Public policy and Politics
Comments and commentary posted irregularly by Victor Yannacone on events and topics in the news of interest to voters, public employees, and the elected representatives who serve them.
Although much of what Yannacone has written on public policy is privileged and confidential for “eyes only” of clients and government officials, publicly accessible papers will appear here.
Yannacone has been championing the cause of Vietnam combat veterans since he filed the Agent Orange litigation in 1979 and started the fight for adequate and necessary medical care and treatment for combat veterans from the VA. His untiring efforts eventually led Congress to recognize that our Vietnam veterans were no less the best and the bravest that those veterans from what we are calling “The Greatest Generation” who fought in World War II and the Korean “Police Action.”
Yannacone is continuing to advocate on behalf of combat veterans from the wars in the Middle East and Afghanistan against a still uncaring and insensitive Veterans Administration bureaucracy.
With his remarkable understanding of complex scientific issues, Yannacone speaks out for rational science as the basis for public policy to protect the Environment and maintain the American Free Enterprise system in Courts of Law and the Court of Public Opinion. He is not afraid to challenge even widely held generally accepted popular misconceptions such as the reliability of numeric models of “global” climate and demand that “scientific” opinions come from rigorous application of the scientific method before they become the basis of legislation and regulation.
In the 1960s Yannacone’s efforts to protect prime soils for agriculture on Long Island led to the idea for residential condominium ownership of working farms to protect farming and ranching as a way of life even in urbanized America.

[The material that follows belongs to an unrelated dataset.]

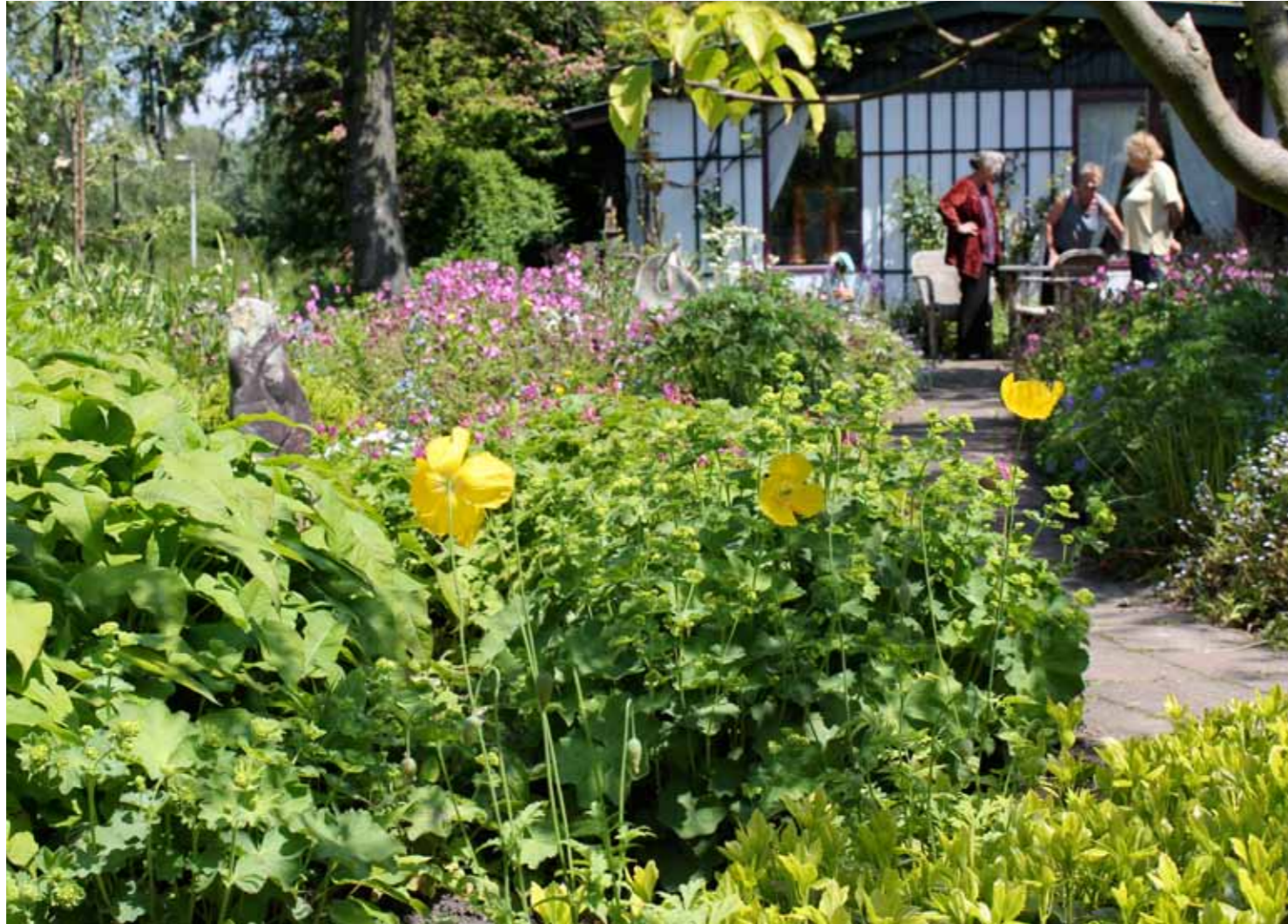
Het Groene Oordje

He helped develop master plans for protection of the Hanalei Valley in Kauai and the Pine Barrens of Medford Township in central New Jersey.
He restored the memory and recovered many of the writings of Charles Valentine Riley an internationally famous entomologist, naturalist and artist; a correspondent of Charles Darwin; creator of the National Insect Collection at the Smithsonian Institution; savior of the French wine industry from the Phylloxera; founder of biological control with introduction of the Videlia (Ladybug) beetle which saved the California citrus industry; but who had been “stalinized” out of history by his successor at the United States Department of Agriculture after his untimely tragic death in a freak bicycle accident in downtown Washington DC in 1895.
Yannacone is never afraid to speak truth to power, but he is always ready to help elected officials, government regulators, and business leaders with fair and practical solutions for complex problems. Chemical weapons in Syria and the electric power crisis on Long Island in New York are recent examples.